John Cowan jcowan at
Wed Apr 9 14:12:44 CEST 2003

Caoimhin O Donnaile scripsit:

> I appreciate that.  My feeling, though, without being any kind of
> expert on the subject, is that the long term aim should be for
> a system of atomic (unstructured) codes together with an online
> database giving:
>   - hierarchic information for all extant codes

What kind of hierarchic information are you referring to: below the language
level (like en-us vs. en-ie) or above it?  If the latter, I agree; there is
no need to tag that.  But it is useful to see at once that en-us and en-ie have
some degree of interoperability (if we met, I'd probably understand your
English) which is appropriately expressed by a tag hierarchy.

> The database would thus enable searches for "all pages/records/books
> to do with Celtic languages, surviving or extinct", even though the
> classifications and codes for extinct Celic languages such as
> Gaulish and Leptonic may change as scholarship progresses.

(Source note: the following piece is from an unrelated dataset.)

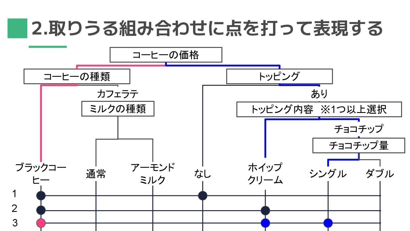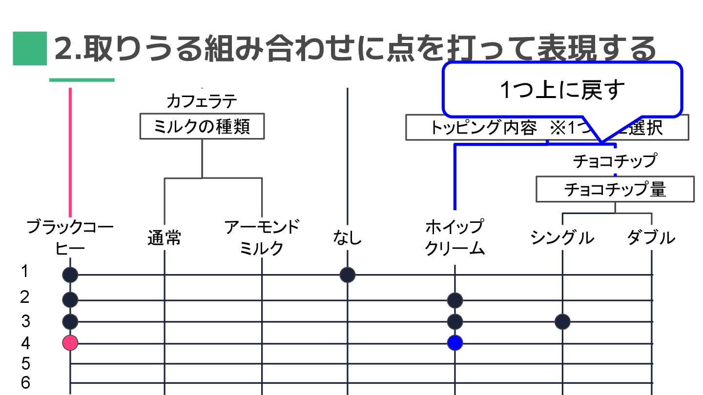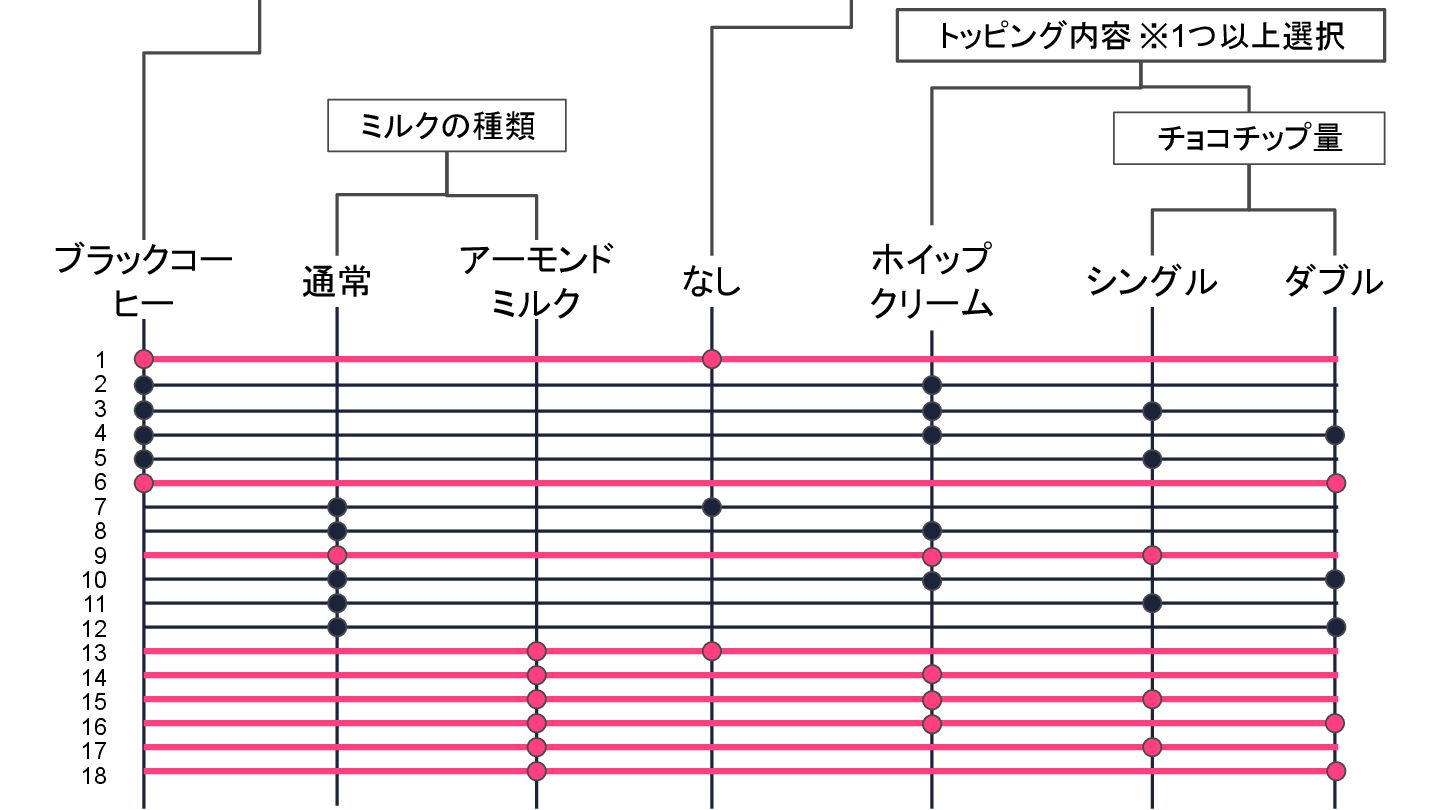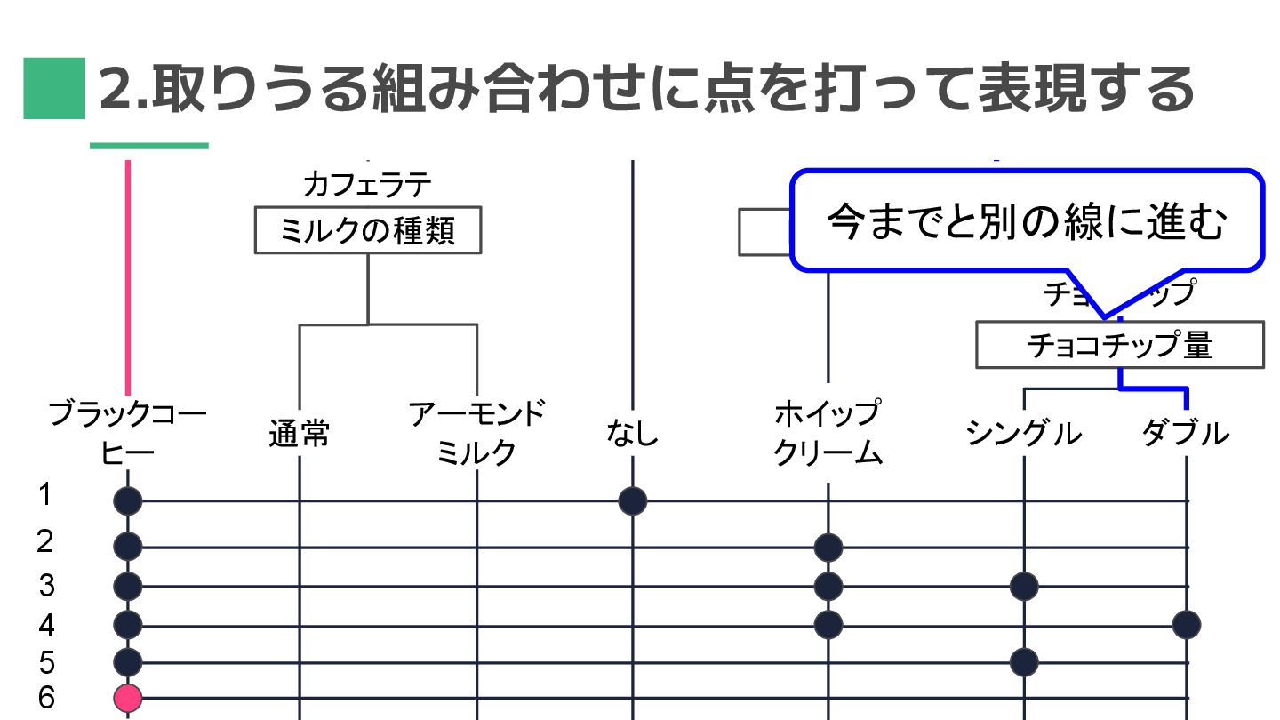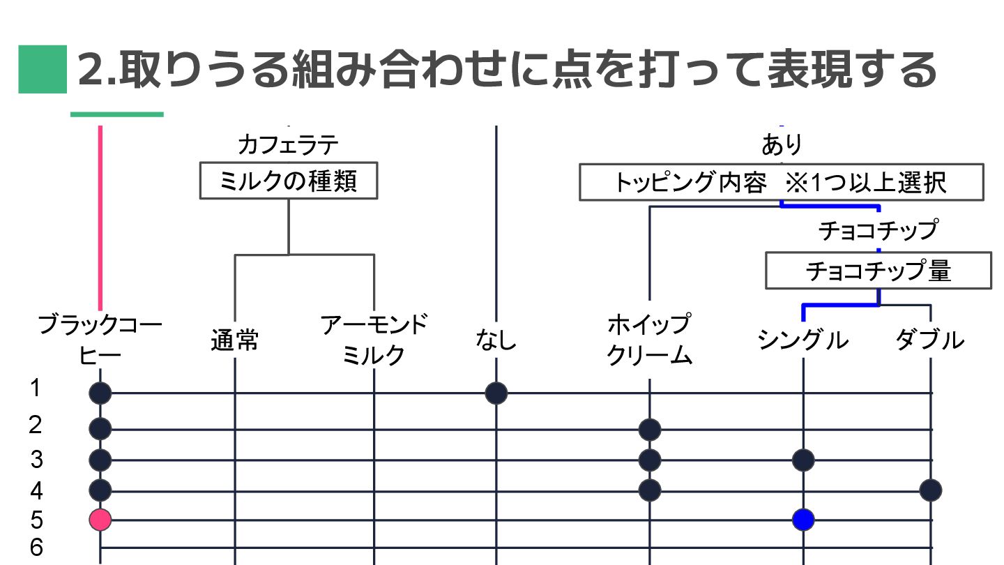 なし あり トッピング内容 ※1つ以上選択 ホイップ クリーム チョコチップ チョコチップ量 シングル ダブル 1 2 3 2.取りうる組み合わせに点を打って表現する 4 5 6 今までと別の線に進む

This sounds like you mean "above the language level".  This is fine with
me: cel-gaulish rather than just gaulish is simply a concession to backward
compatibility, not any kind of principle.

> It sounds as if 3-character codes for languages would probably
> suffice, especially if numbers were allowed ("en1" for "Old English;
> "en3" for Middle English, etc?), but the lack of room in the codespace
> would mean that in many cases they would not be very mnemonic.

Agreed.  But there's not much mnemonic about existing Ethnologue codes.
Who'd guess ZPH for Totomachapan Zapoteco, or XML for Malaysian Sign Language?

> It seems to me that it would be a bad idea to have separate codespaces
> for living and extinct languages - Otherwise you get into arguments
> about whether languages such as Cornish, Manx, Classical Latin, and
> Medieval Latin are extinct or alive.